■ **Your goal**: Reproduce the listing in full, pictures excluded.

■ **Data**:
..............................

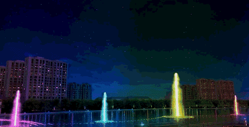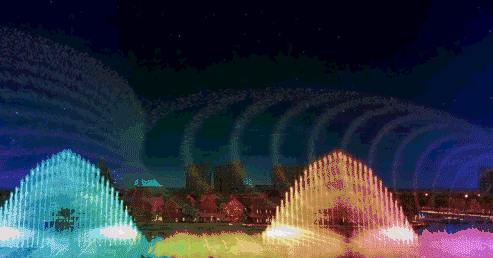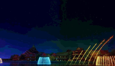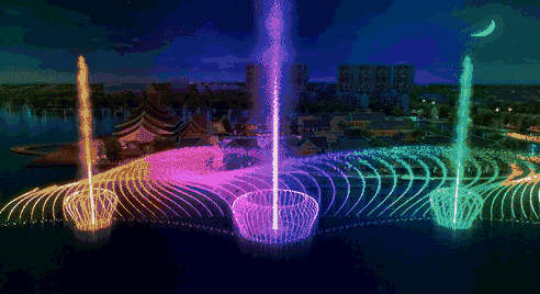 伴随着灯光,各种水形此起彼伏,错落有序。融入铿锵有力的音乐,风姿独特,吸引力极强。
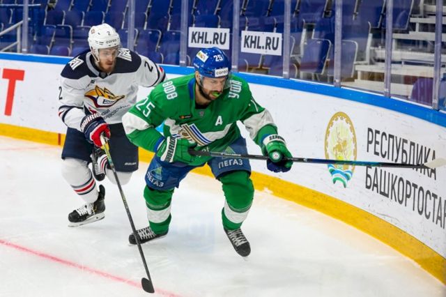 В самом начале второго периода Семен Кошелев угодил в перекладину ворот хозяев. Вскоре уфимцы воспользовались большинством и сравняли счет, причем гол получился довольно курьезным. Шайба после броска Ларсена от синей линии попала в спину Хартикайнену и отскочила прямо в ворота Василия Кошечкина.
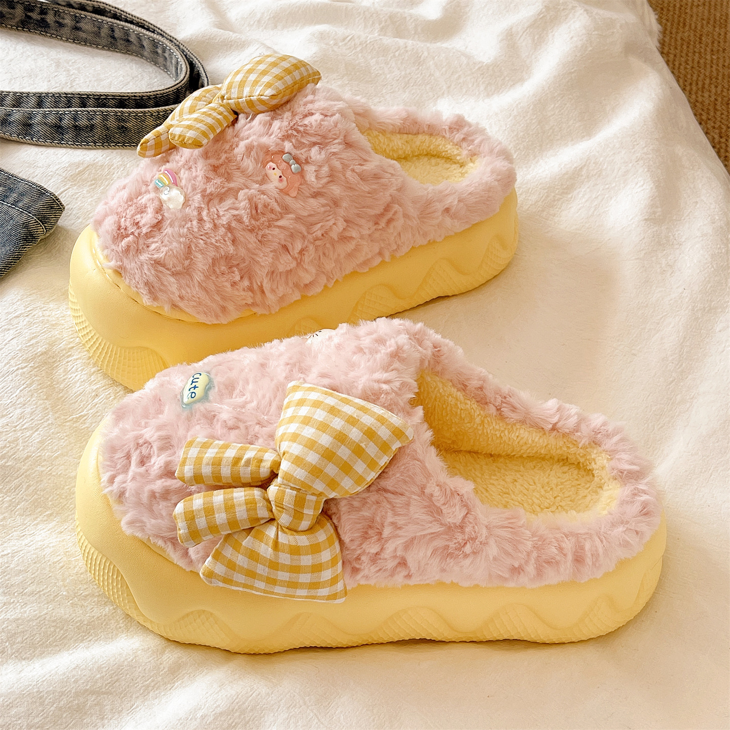 毛毛绒室内家居保暖鞋 厚底防滑2025新款 子居家 女士秋冬季 棉拖鞋
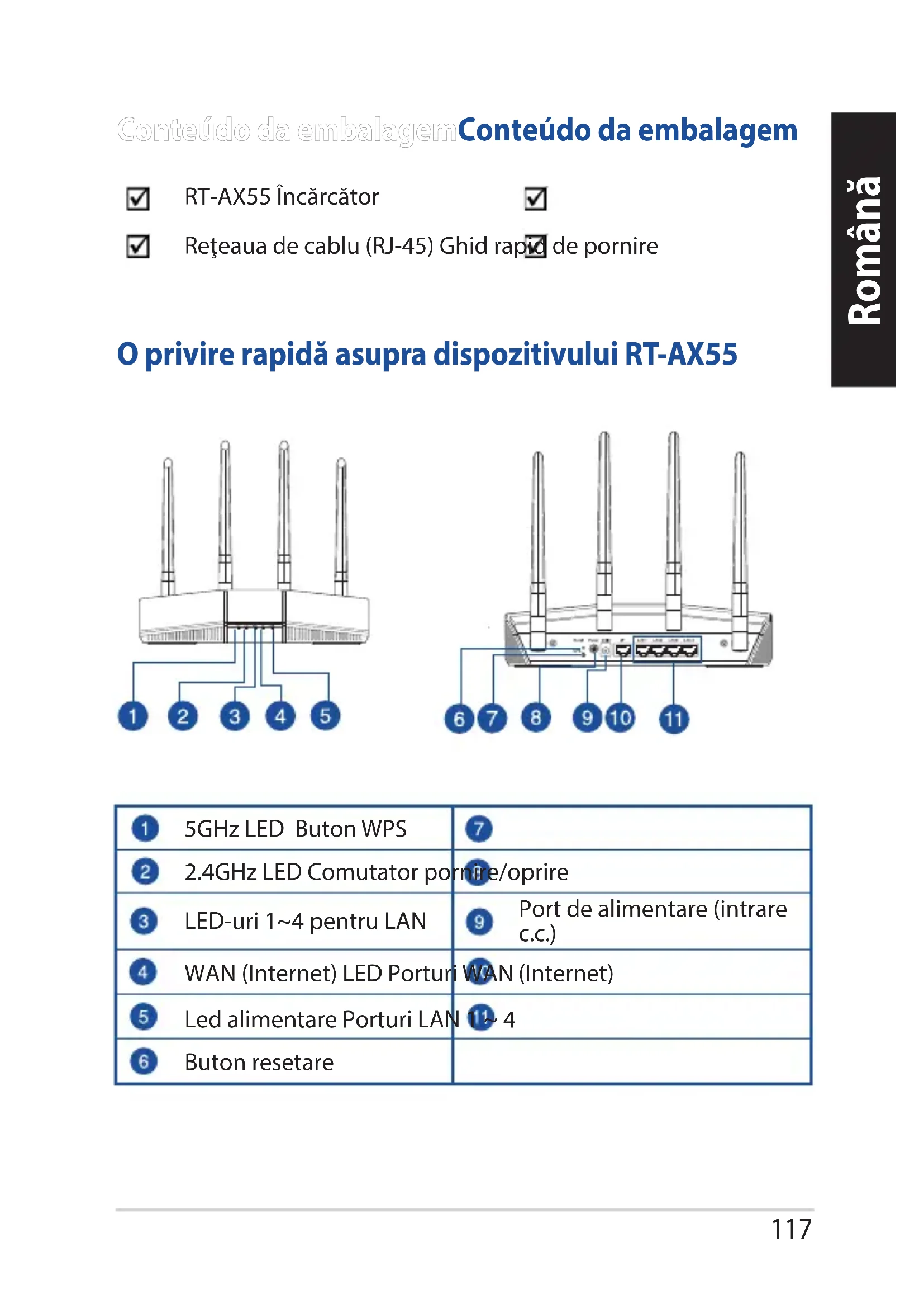 - Руководство пользователя можно скачать со страницы https://www.asus.com/support117 Română O privire rapidă asupra dispozitivului RT-AX55O privire rapidă asupra dispozitivului RT-AX55 Conteúdo da embalagemConteúdo da embalagem RT-AX55 Încărcător Reţeaua de cablu (RJ-45) Ghid rapid de pornire 5GHz LED Buton WPS 2.4GHz LED Comutator pornire/oprire LED-uri 1~4 pentru LAN Port de alimentare (intrare c.c.) WAN (Internet) LED Porturi WAN (Internet) Led alimentare Porturi LAN 1 ~ 4 Buton resetare Română118 Română Poziţionarea ruteruluiPoziţionarea ruterului Pentru transmisia optimă a semnalului fără r între ruterul fără r şi dispozitivele de reţea conectate la acesta, asiguraţi-vă că:

..............................

■ **Output for this exercise**:
 伴随着灯光,各种水形此起彼伏,错落有序。融入铿锵有力的音乐,风姿独特,吸引力极强。
 В самом начале второго периода Семен Кошелев угодил в перекладину ворот хозяев. Вскоре уфимцы воспользовались большинством и сравняли счет, причем гол получился довольно курьезным. Шайба после броска Ларсена от синей линии попала в спину Хартикайнену и отскочила прямо в ворота Василия Кошечкина.
 毛毛绒室内家居保暖鞋 厚底防滑2025新款 子居家 女士秋冬季 棉拖鞋
 - Руководство пользователя можно скачать со страницы https://www.asus.com/support117 Română O privire rapidă asupra dispozitivului RT-AX55O privire rapidă asupra dispozitivului RT-AX55 Conteúdo da embalagemConteúdo da embalagem RT-AX55 Încărcător Reţeaua de cablu (RJ-45) Ghid rapid de pornire 5GHz LED Buton WPS 2.4GHz LED Comutator pornire/oprire LED-uri 1~4 pentru LAN Port de alimentare (intrare c.c.) WAN (Internet) LED Porturi WAN (Internet) Led alimentare Porturi LAN 1 ~ 4 Buton resetare Română118 Română Poziţionarea ruteruluiPoziţionarea ruterului Pentru transmisia optimă a semnalului fără r între ruterul fără r şi dispozitivele de reţea conectate la acesta, asiguraţi-vă că:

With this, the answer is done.